Google Assistant can currently make free calls in the United States, Canada, and the United Kingdom.

Alexa added Yext directory information earlier this year so you can get things like addresses and the like, but Google Assistant may still have the best service for calling local businesses of any of the intelligent assistants today.

The focus of intelligent assistants today seems centered primarily on buying more Whole Foods and Amazon items or recommending things from corporate global 500 companies, but an assistant that can be smart about local business recommendations, like ambient computing available everywhere, realizes an ideal use case.

6. Call your smartphone

Again, seems simple, right? So do reminders and timers, but they’re still the most popular features available. Calling your own phone to locate it is something I do a few times a month. It saves not just the time needed to search for my phone, but also the frustration that builds when the phone always seems to go missing right before I have to run out the door.

7. Enjoy kids’ stories and games

Kids have a lot of fun giving Google the business. It’s fun to watch, sort of like setting up answering machines for my grandparents when I was growing up.

Google has made its pitch to parents via kids for some time now, and there’s a handful of fun things for kids, such as dozens of books that can play sounds and theme music while they read and voice apps that can play stories for them to hear.

Character-themed alarms from Teenage Mutant Ninja Turtles and others that give words of encouragement came out last month. There’s also more than 50 apps and games made especially for kids.

Letting kids play these games requires the creation of a Family Link account. Family Link is used to control the use of devices by kids within the Android ecosystem, so a parent can limit the amount of YouTube their kid watches or time spent playing apps.

8. Set up multilingual mode

In August, Google was the first of the intelligent assistant makers to become available in multilingual mode. At launch, Google Home speakers can speak a combination of English, French, German, Italian, Japanese, and Spanish.

This is particularly significant because roughly 35 million people in the United States speak a language other than English at home, according to the U.S. Census. Multilingual household rates are even higher in many other parts of the world.

Given the number of multilingual households out there, learning how to communicate with people who speak more than one language isn’t just being sensitive to the needs of tens of millions of U.S. households. It’s also a challenge to be surmounted for natural language to be adopted worldwide.

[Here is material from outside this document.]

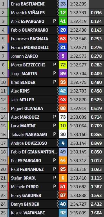 Enea Bastianini a dominé la quatrième et dernière séance d’essais libres du Grand Prix de Saint-Marin, dédiée à la préparation de la course, en devançant sur le fil les pilotes Aprilia Maverick Viñales et Aleix Espargaro. Quatrième, Fabio Quartararo a enchaîné les tours rapides et est dans le coup. Place à la qualification.

This, along with localization to understand accents (ever seen someone with a Scottish accent try to speak to an AI assistant? Not pretty) is the future.

AI assistants are powered by natural language processing. If someone’s natural way of talking spans more than one language, then multilingual understanding is incredibly important to the advancement of the field, especially when speaking with people in their own homes.

In total, Google Assistant is now able to speak 30 languages, a company spokesperson told VentureBeat, a promise Google initially made back in February.

Google Home Hub

Above: Google Home Hub

Image Credit: Google

9. Enhance digital well-being

Sometimes you don’t want or need to access the grand variety of features Google places in its assistant. Sometimes it’s best to turn away, unwind, and tune out.

That’s why Google introduced Digital Well-Being and Downtime for Home speakers. You can use those features to reject calls and messages, limit questions, block voice apps, and restrict access to music and videos.

It’s not a new concept — Apple introduced similar limitations for iOS this year — but it’s worth checking out.

10. Send stuff to your phone

With basic voice commands to a Home speaker, you can send information to your smartphone, including sports scores, directions, and traffic reports. Some voice apps are also able to send search results to your phone.

This approach underlines the great variety of things you get when using Google Assistant across a smartphone and Home speakers, such as the upcoming ability to access Google Assistant from the lock screen of your smartphone.

So that’s it. Enjoy your Home in your house. Again, if you’d like more tips, check out last year’s list for more ideas.